Another problem encountered in measuring emotion is that, in general, individual resistance to emotion in society is profound, as most people strive to control and suppress emotions because they are too frequently unreliable, impulsive, irrational, overwhelming, and deep. This problem is, in effect, linked to unconscious mental processes that are dimly understood.
Traditional unconscious psychology presents a no win situation regarding emotion. It precludes any confidence in a less deep grounding of emotion because explicitly and implicitly there exist always deeper and truer emotions. Empirical approaches to emotion have not thrived with current introspective and projective techniques. However, the realm of preconscious emotion, that emotion which is unappreciated but recognizable, represents an accessible domain for empirical exploration of spatial and temporal characteristics of emotion. Computer processing technology can enable empirical studies to establish preconscious emotion as a reference level for a more popular appreciation of the role of emotion occurring throughout the broad range of human endeavors.
It is therefore a principal object of the present invention to provide a method and system for measuring emotional response that reliably produces objective and predictive data regarding human behavior.

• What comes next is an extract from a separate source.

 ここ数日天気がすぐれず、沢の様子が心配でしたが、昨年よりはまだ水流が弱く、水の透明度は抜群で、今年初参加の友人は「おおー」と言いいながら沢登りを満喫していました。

It is a further object of the present invention to provide a method and system for measuring emotional response that is engaging, non-threatening, and infinitely forgiving for the broad range of potential styles that individual subjects might employ in an interactive setting.

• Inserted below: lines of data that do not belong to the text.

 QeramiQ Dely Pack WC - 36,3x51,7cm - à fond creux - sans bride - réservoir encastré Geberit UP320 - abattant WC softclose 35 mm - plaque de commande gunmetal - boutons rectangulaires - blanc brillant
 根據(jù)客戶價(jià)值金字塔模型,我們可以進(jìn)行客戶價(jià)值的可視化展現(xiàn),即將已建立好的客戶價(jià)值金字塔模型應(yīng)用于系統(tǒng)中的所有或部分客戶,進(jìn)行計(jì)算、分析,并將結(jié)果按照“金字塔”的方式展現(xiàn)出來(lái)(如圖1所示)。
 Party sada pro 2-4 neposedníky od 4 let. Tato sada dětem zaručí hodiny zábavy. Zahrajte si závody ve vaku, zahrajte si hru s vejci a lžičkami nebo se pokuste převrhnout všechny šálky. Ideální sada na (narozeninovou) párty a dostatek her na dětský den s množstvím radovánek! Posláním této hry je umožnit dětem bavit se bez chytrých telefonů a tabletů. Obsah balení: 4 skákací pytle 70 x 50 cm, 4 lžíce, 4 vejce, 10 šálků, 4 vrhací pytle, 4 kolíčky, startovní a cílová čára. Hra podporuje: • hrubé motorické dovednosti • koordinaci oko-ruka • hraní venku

Another object of the present invention is to provide a method and system for measuring emotional response that enables a time-bound graphing of individual emotions for developing a preconscious baseline that characterizes the individual subject and for extracting the baseline from a standard subjective reaction of the subject to a chosen focus to derive a clarified intensity of emotion that is predictive of action to be taken by the individual subject or, by logical extension, the normative population.
Still another object of the present invention is to provide a method and system for measuring emotional response that will accumulate preconscious baseline profiles of individuals, families, and groups and their clarified responses to a variety of focuses to develop innovative profiles of segments of the whole population in a database.